This is the power of folklore, especially on young and developing minds; and the difference between the truth and a notorious fact will only get smaller. On the 2nd of October, The Guardian published excerpts of Chinua Achebe’s much awaited memoirs, There Was a Country: A Personal History of Biafra. At the time of writing this, I have read eight passionate reviews of the book, and countless comments in both mainstream and social media. It is clear that Achebe’s book stoked tribal fires, and delivered the headaches he hoped to cause. The excerpts published by The Guardian included an accusation that Obafemi Awolowo championed a policy to deliberately starve inhabitants of Biafra, which is not entirely incorrect. The response from certain Yoruba commentators has been laughable; from Achebe’s envy that an Egba man won the Nobel Prize for Literature his pathological hatred of Yoruba people, it is clear that Nigeria remains as divided as it was in 1967.
Despite the advent of the internet, this generation will not bridge the tribal division. The story of how our nation has survived several harrowing wars and battles is still not part of the learning curriculum. Social Studies classes traced the history of Nigeria till independence, discussed the 1966 coup and counter-coup in 1967, before jumping to the assassination of Murtala Muhammed. It felt like the period between 1967 and 1970 did not exist. After reading Festus Iyayi’s Heroes, I remember asking my secondary school teacher a question about Biafra. She seemed flustered, and asked me to come to the staff room later to discuss my question. That meeting never happened, and my question remained unanswered.
This is why many young people do not know the origins of the Ife-Modakeke or Zango-Kataf crises. Our knowledge is limited to biased opinions of older family members, and in many cases, factually incorrect opinions in the media. Our libraries will stock books on the American Civil War, but I’m yet to see a school library that owns ONE copy of Max Siollun’s Oil Politics and Violence, a book I consider the most comprehensive and unbiased review of Nigeria between 1966 and 1976. It is amazing that a balanced and accurate book on a touchy subject (paraphrasing Kaye Whiteman) has eluded most till date.
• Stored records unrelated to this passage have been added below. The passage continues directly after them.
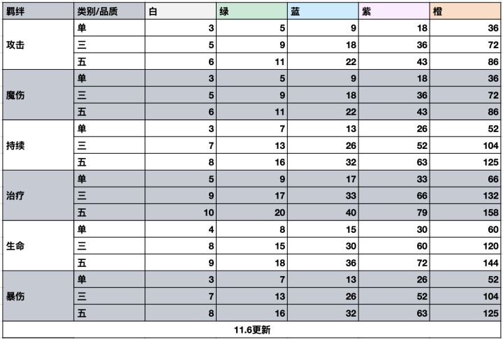 (注:羁绊参与相关技能及光环叠减,但羁绊本身数值不变,只有技能叠减,例:龙枪的龙魂与爆伤羁绊,海潮的生命光环与生命羁绊)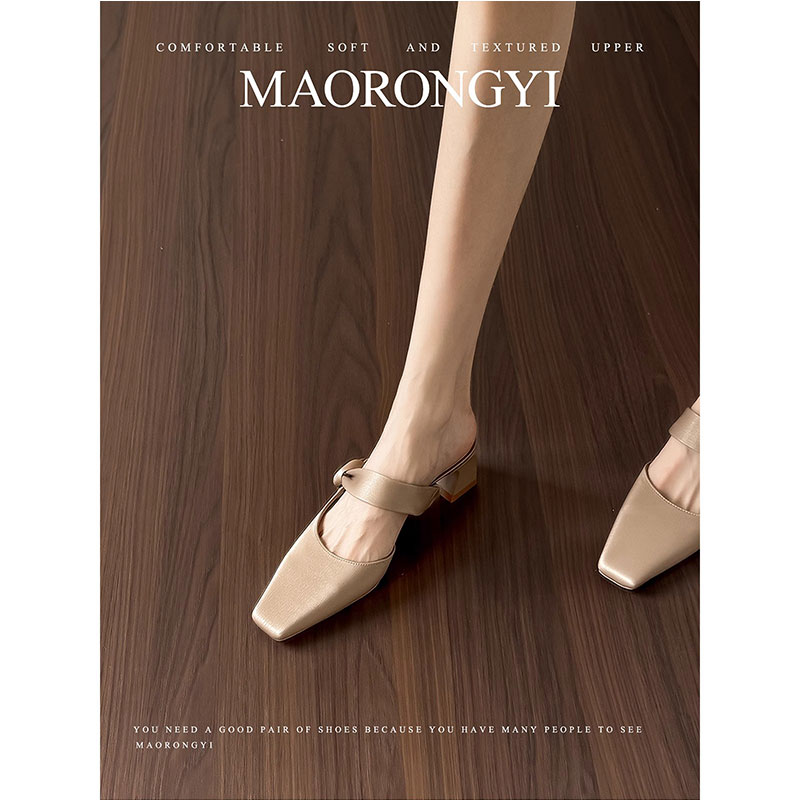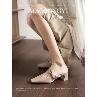 女夏外穿粗跟半拖單鞋 毛容易夏季 無后跟方頭穆勒鞋 包頭涼拖鞋 夏季由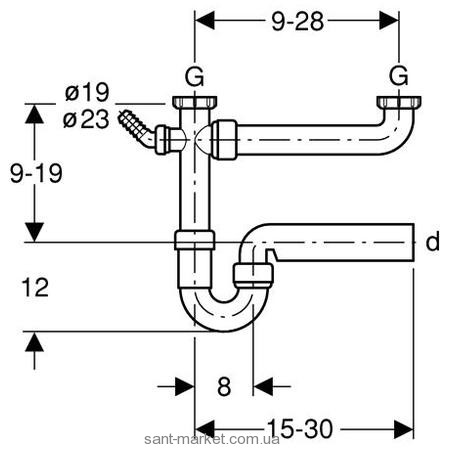 Geberit Сифон на 2 зливні отвори 152.717.11.1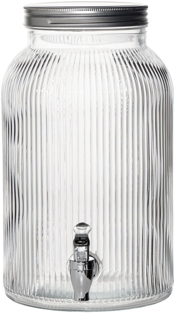 Dyspenser do napojów JAR marki Verlo łączy klasyczny styl i praktyczne rozwiązania w eleganckiej formie. Wykonany z ryflowanego szkła, prezentuje się wyjątkowo efektownie, a szeroki wlew umożliwia łatwe napełnianie i dokładne czyszczenie. Praktyczny kranik z tworzywa imitującego stal zapewnia wygodne nalewanie napojów, natomiast metalowa pokrywka skutecznie chroni zawartość słoja. To naczynie, które doskonale sprawdzi się podczas domowych przyjęć, a także w profesjonalnej branży HoReCa – zawsze tam, gdzie liczy się wygoda i styl.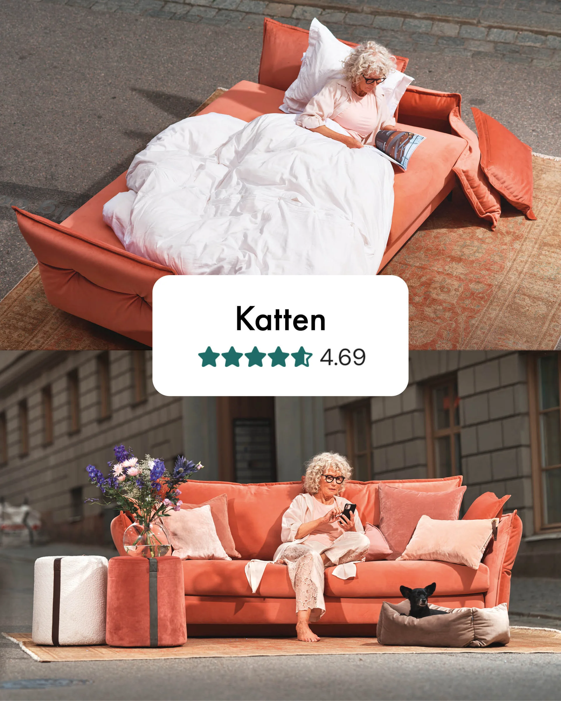 - Katten ist ein Bestseller! Vielleicht weil es uns gelungen ist, ein Schlafsofa zu entwickeln, auf dem man bequem sitzt und das gleichzeitig schön anzusehen ist?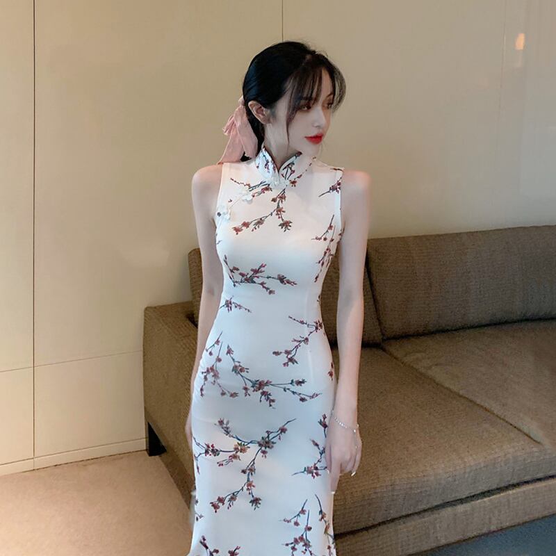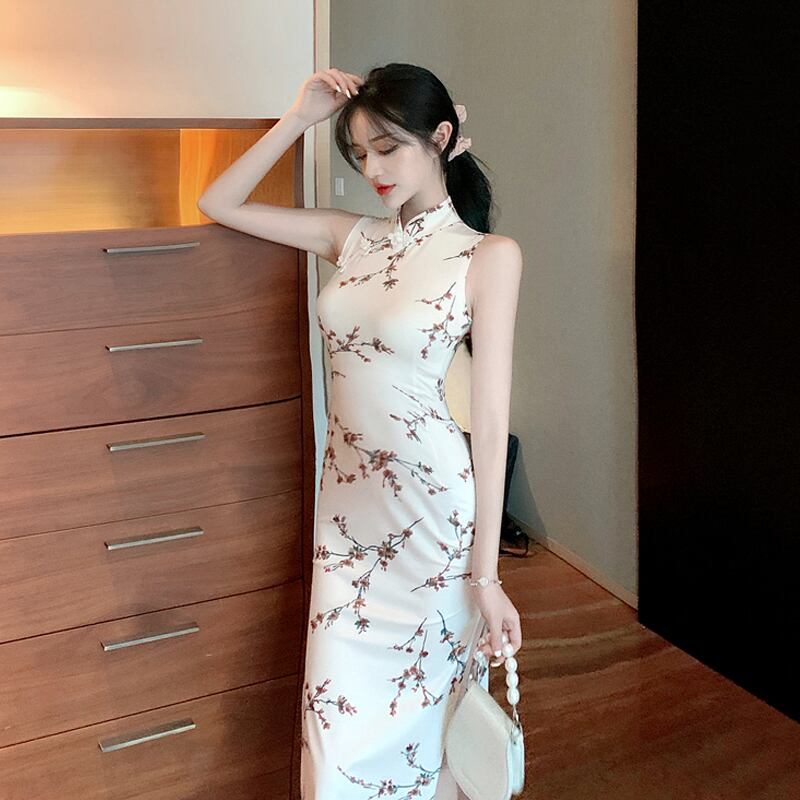 イブニングドレス女性2021新しいレトロな中国風のセクシーなスプリットノースリーブミッドレングスチャイナドレス改良版ドレス micat31277909584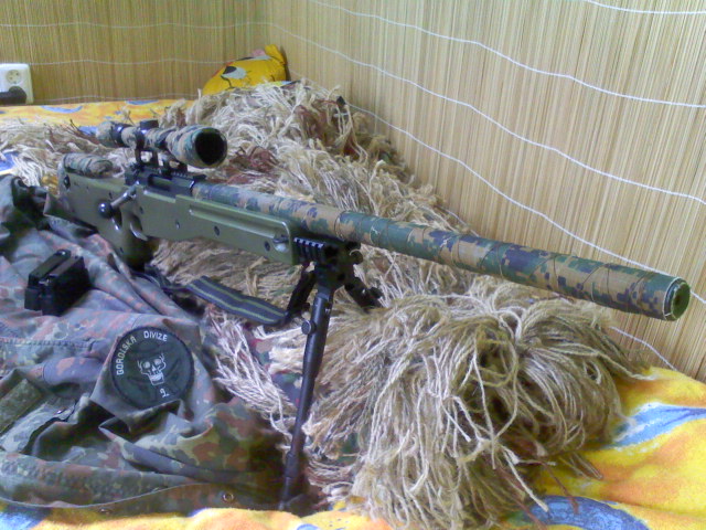 Jo, máš pravdu:-) Sem hňup  a plácám chujoviny http://en.wikipedia.org/wiki/Heckler_%26_Koch_G3Není to juta, je to pro mně mnohem dostupnější- levnější materiál: obvazy  část je bíla-barvená na zeleno / béžovo, část už byla zelená (tuším že ty jsou v obvazech vz.80) Jutu sem kdysi na tohle používal, ale v terénu se to až moc páralo, třepilo a lezlo to ze zbraně dolů, nebo sem měl každou chvíli čočku na optice plnou vláken  s obvazem tohle neřeším ony se rozpářou, zmoknou ale pořád drží, v podstatě tak, že to nemusím sundávat ani při rozborce (jen část která je mezi tlumičem a hlavní, protože pro rozborku musím odšroubovat tlumič) pod tím je ještě barevný nástřik ale vypadalo to divně, takhle se mi líbí víc:-) (podstatný faktor)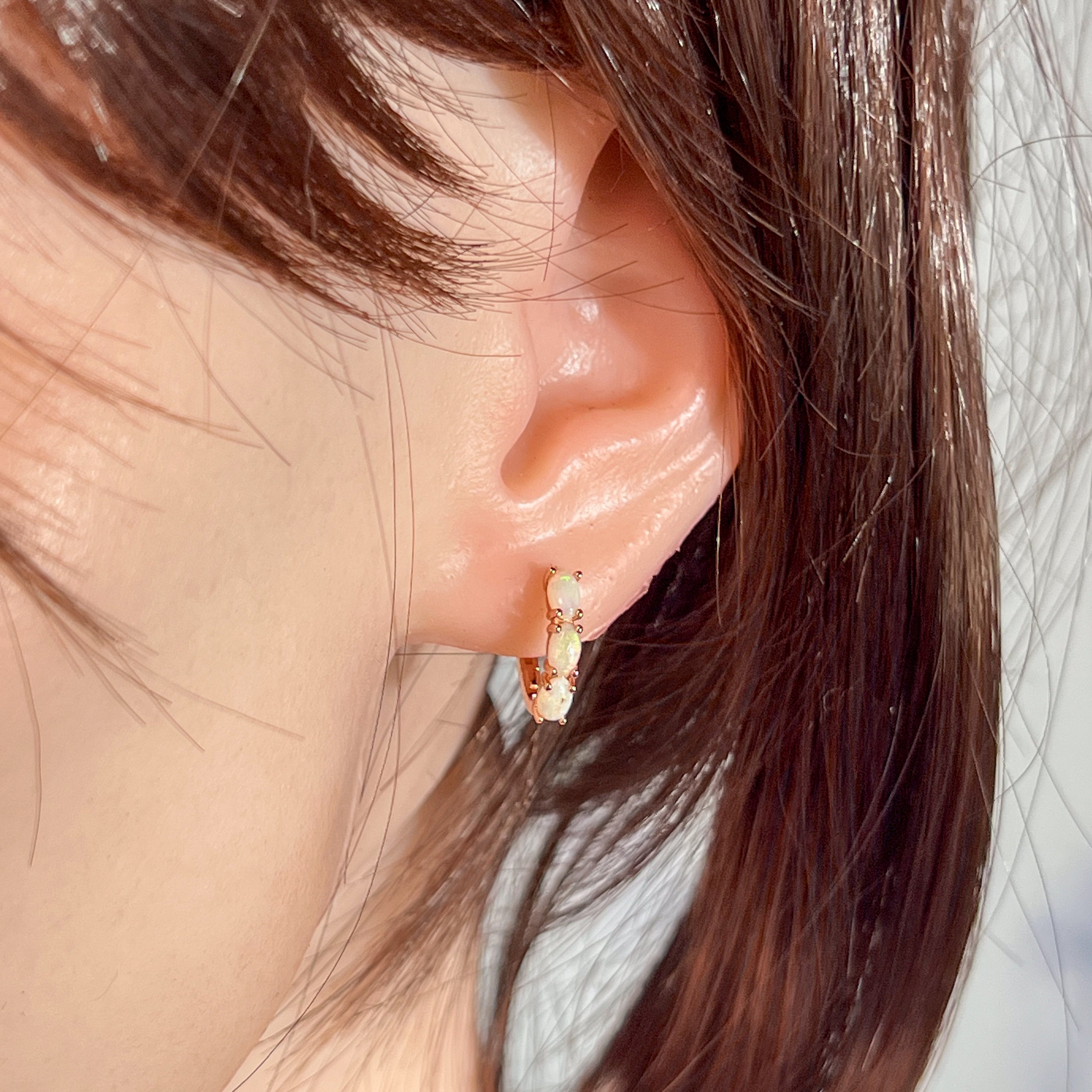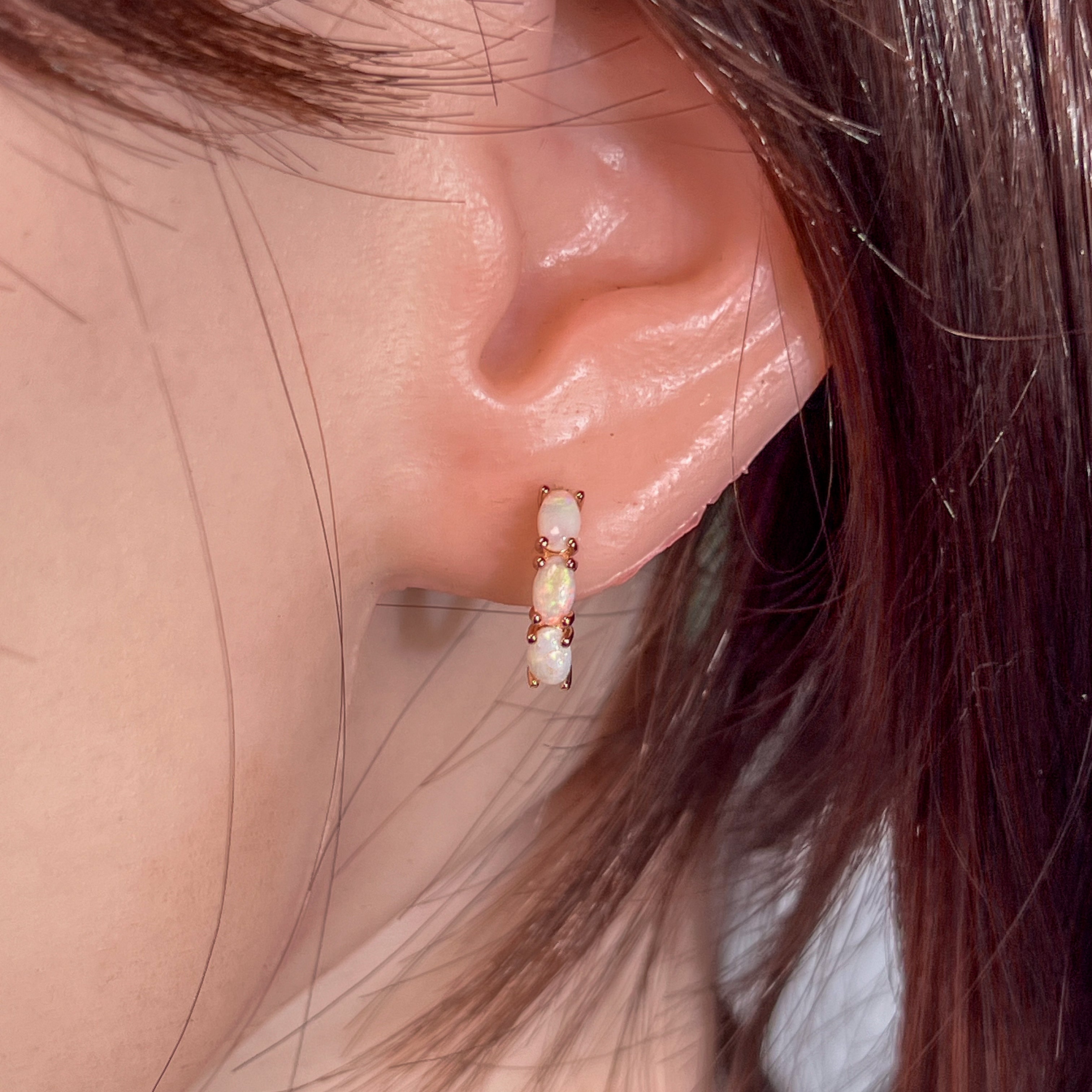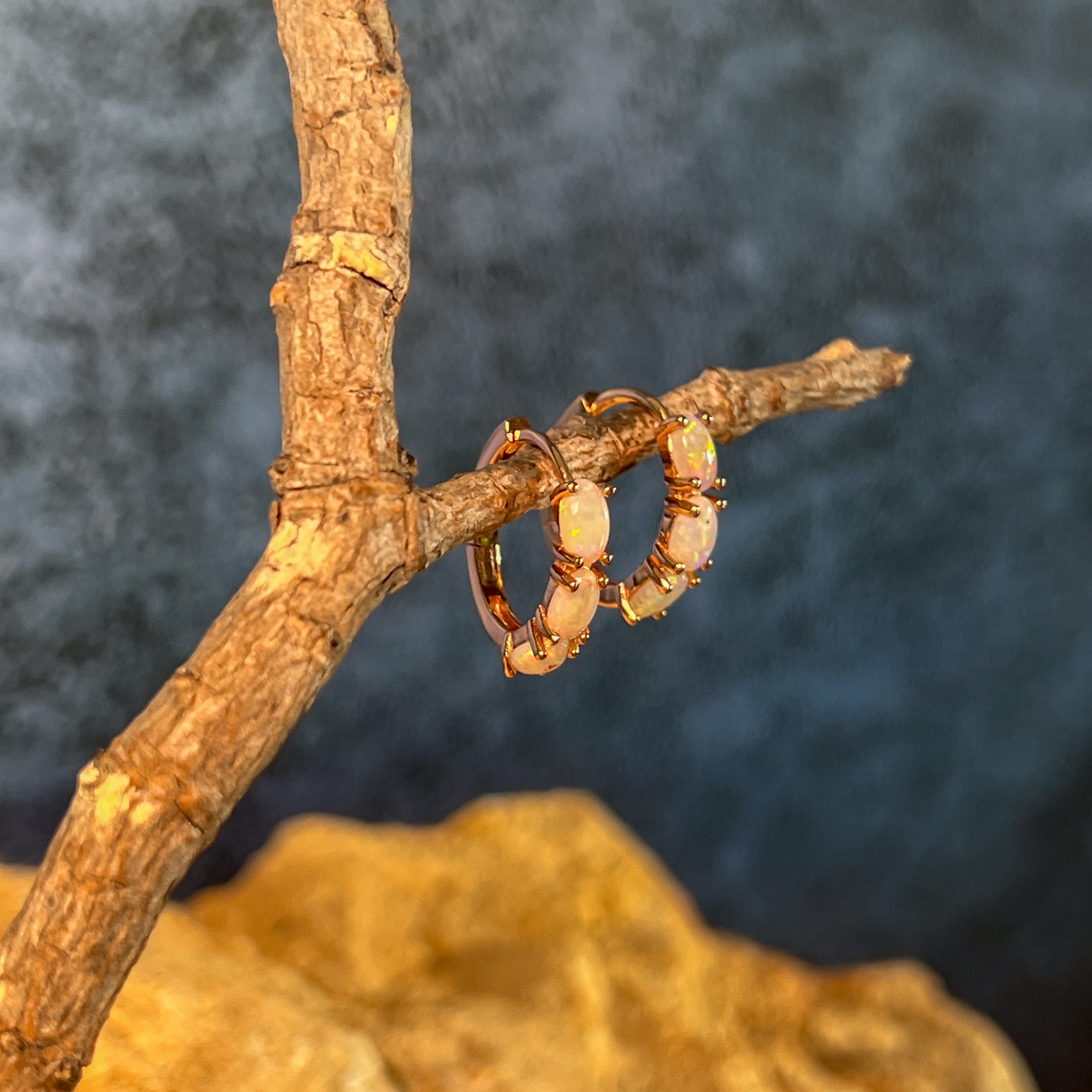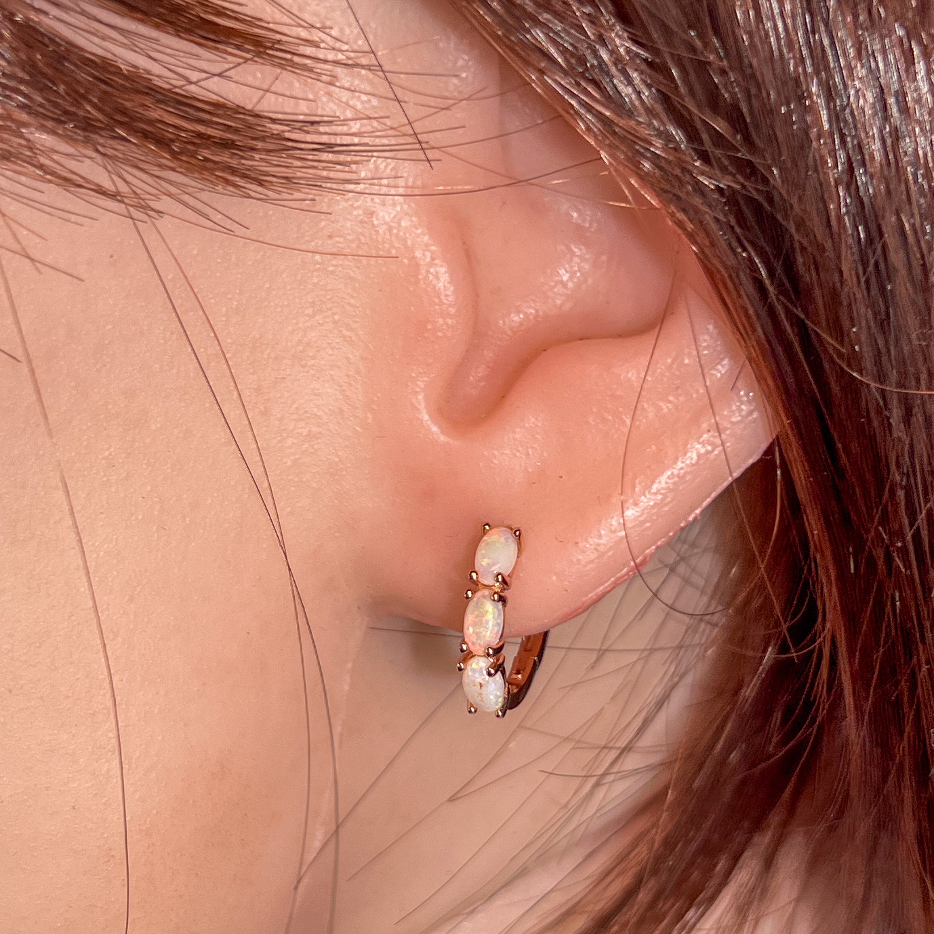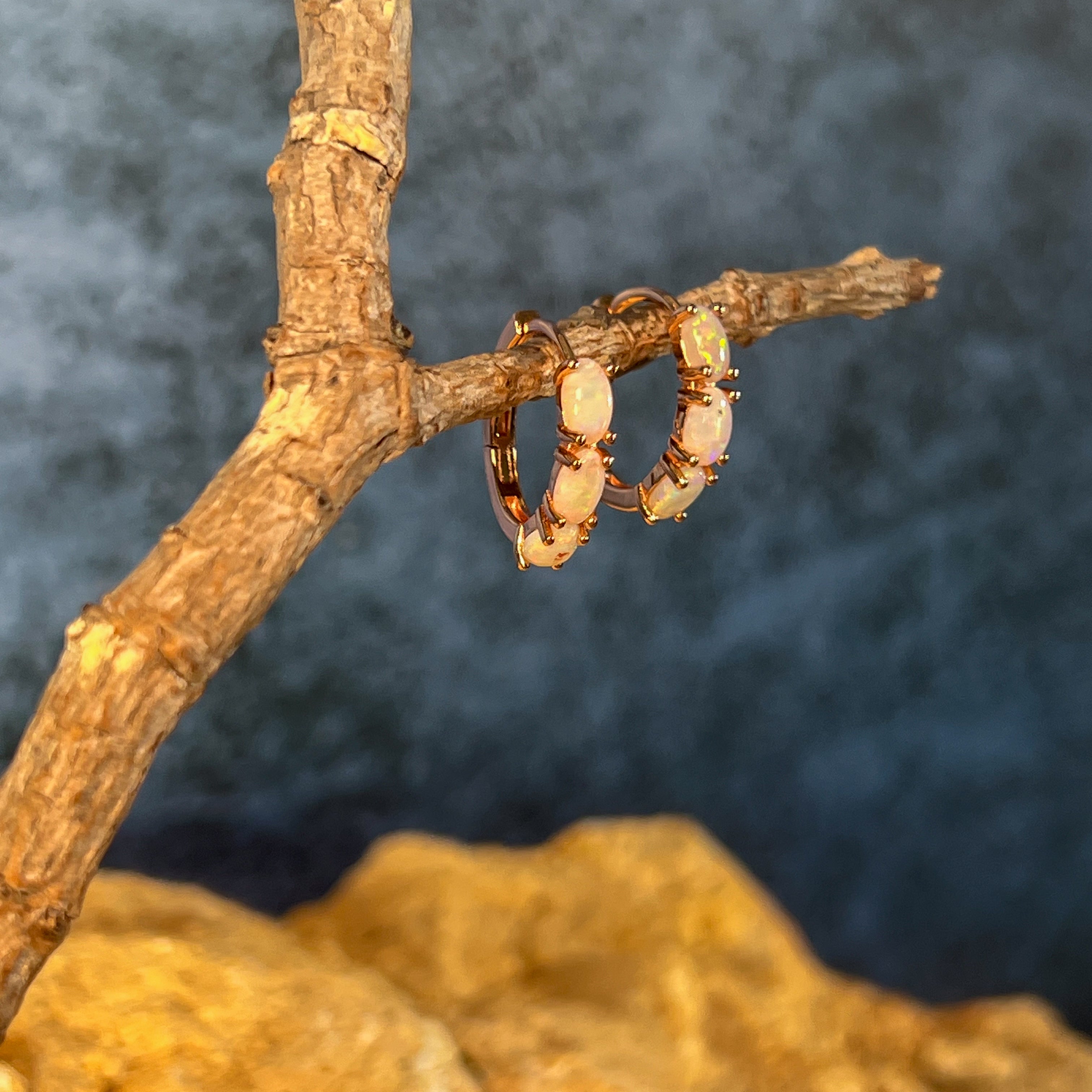 Rose Gold plated Silver huggie style 5x3mm Opal earrings

It is clear from the emotional outbursts of the last two weeks that many young Igbo people still bear the hurt from the war they never experienced. Hopefully, this will be the first step in acknowledging that the fabric that binds us together is about to rip at the seams. For decades, we have pretended that wars have not been fought, community clashes did not happen, and we are a happy family of 160 million people. Hopefully, the consciousness that a literary icon like Achebe can bear such hurt and emotion for four decades will awaken a desire in many of us to understand the history of our country.
The only place Achebe and Awolowo seem to agree is that Nigeria remains a mere geographical expression; the comments resulting from an old man’s memoirs were just painful reminder.